The default data type is floating point.

In [5]:
d = np.ones((3, 3))
d.dtype
Out[5]:
dtype('float64')

There are other data types as well:

In [6]:
e = np.array([1+2j, 3+4j, 5+6*1j])
type(1j)
#e.dtype
Out[6]:
complex
In [7]:
f = np.array([True, False, False, True])
f.dtype
Out[7]:
dtype('bool')
In [8]:
g = np.array(['Bonjour', 'Hello', 'Hallo',])
g.dtype     # <--- strings containing max. 7 letters
Out[8]:
dtype('<U7')

We previously came across dtypes when learing about pandas. This is because pandas uses NumPy as its underlying library. A pandas.Series is essentially a np.array with some extra features wrapped around it.

Exercise 1

Recreate some of the arrays we created in yesterday's session and look at what dtype they have.

Why NumPy

To show some of the advantages of NumPy over a standard Python list, let's do some benchmarking. It's an important habit in programming that whenever you think one method may be faster than another, you check to see whether your assumption is true.

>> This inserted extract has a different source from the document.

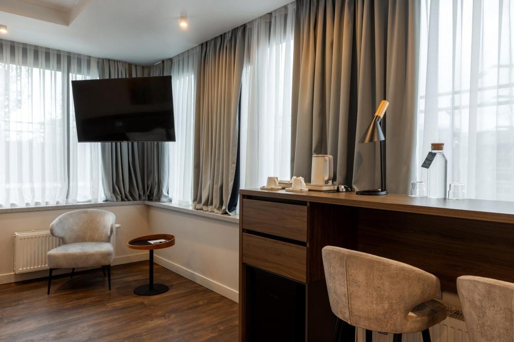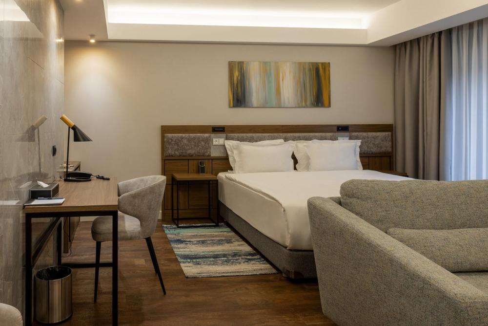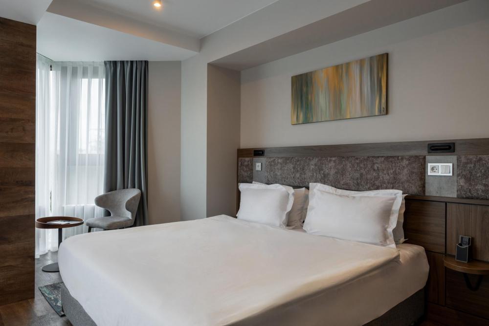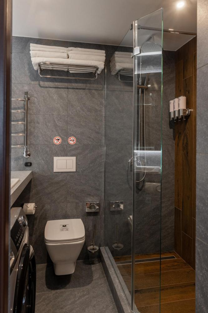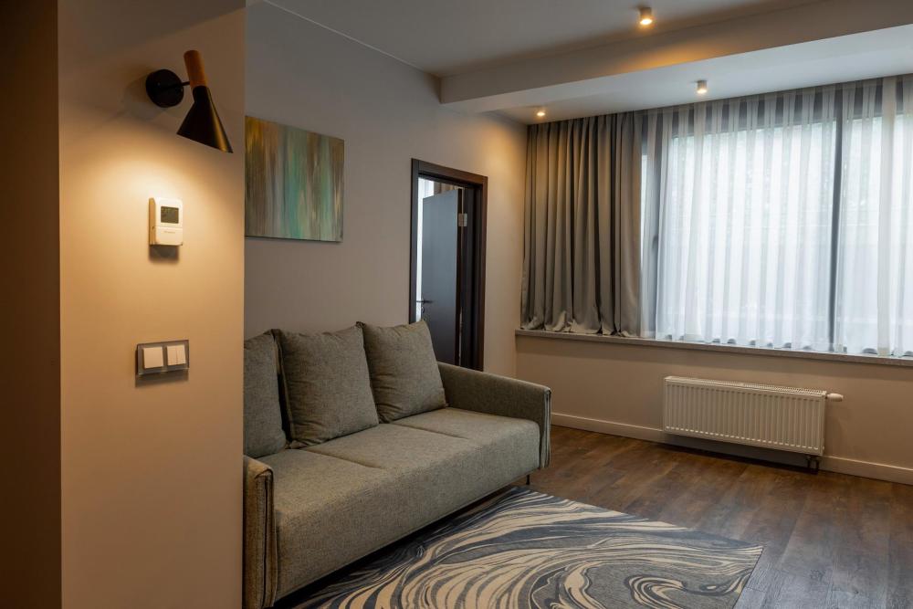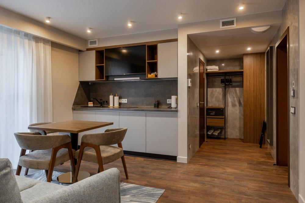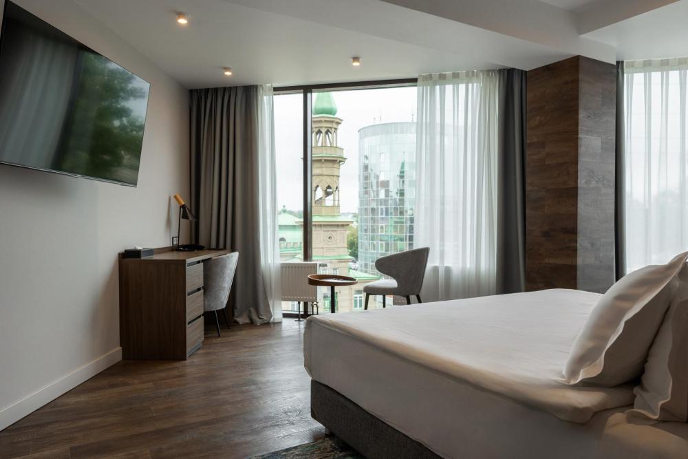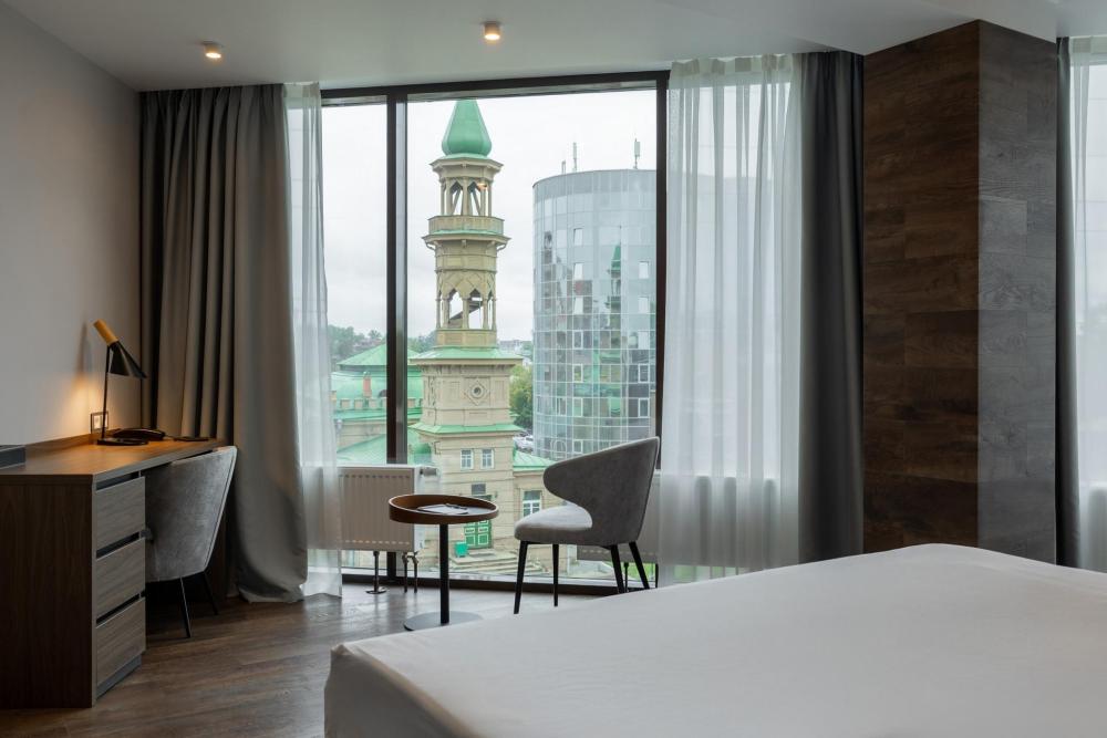 Номер высшей категории - Апартаменты площадью 40 кв.м. с панорамными окнами, кухней-гостиной и видом на историческую часть города. Стиль и эргономичность бизнес-класса вместе с особенным уютом домашней обстановки оценят как деловые путешественники, так и большие семьи. Вместимость до 4-х человек.

Python provides some tools to make this easier, particularly via the timeit module. Using this functionality, IPython provides a %timeit magic function to make our life easier. To use the %timeit magic, simply put it at the beginning of a line and it will give you information about how ling it took to run. It doesn't always work as you would expect so to make your life easier, put whatever code you want to benchmark inside a function and time that function call.

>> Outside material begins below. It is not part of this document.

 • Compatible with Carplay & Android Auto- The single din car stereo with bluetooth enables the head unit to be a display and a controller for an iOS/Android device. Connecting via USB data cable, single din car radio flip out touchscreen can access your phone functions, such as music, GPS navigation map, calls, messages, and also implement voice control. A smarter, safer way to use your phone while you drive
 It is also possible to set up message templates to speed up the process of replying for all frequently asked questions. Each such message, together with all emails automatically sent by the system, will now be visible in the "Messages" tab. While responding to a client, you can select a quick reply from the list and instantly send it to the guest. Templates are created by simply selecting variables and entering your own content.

We start by making a list and an array of 10000 items each of values counting from 0 to 9999:

In [9]:
python_list = list(range(100000))
numpy_array = np.arange(100000)

We are going to go through each item in the list and double its value in-place, such that the list is changed after the operation. To do this with a Python list we need a for loop:

In [10]:
def python_double(a):
    for i, val in enumerate(a):
        a[i] = val * 2

%timeit python_double(python_list)
10.9 ms ± 1.03 ms per loop (mean ± std. dev. of 7 runs, 100 loops each)

To do the same operation in NumPy we can use the fact that multiplying a NumPy array by a value will apply that operation to each of its elements:

In [11]:
def numpy_double(a):
    a *= 2

%timeit numpy_double(numpy_array)
55.4 µs ± 697 ns per loop (mean ± std. dev. of 7 runs, 10000 loops each)

As you can see, the NumPy version is at least 10 times faster, sometimes up to 100 times faster.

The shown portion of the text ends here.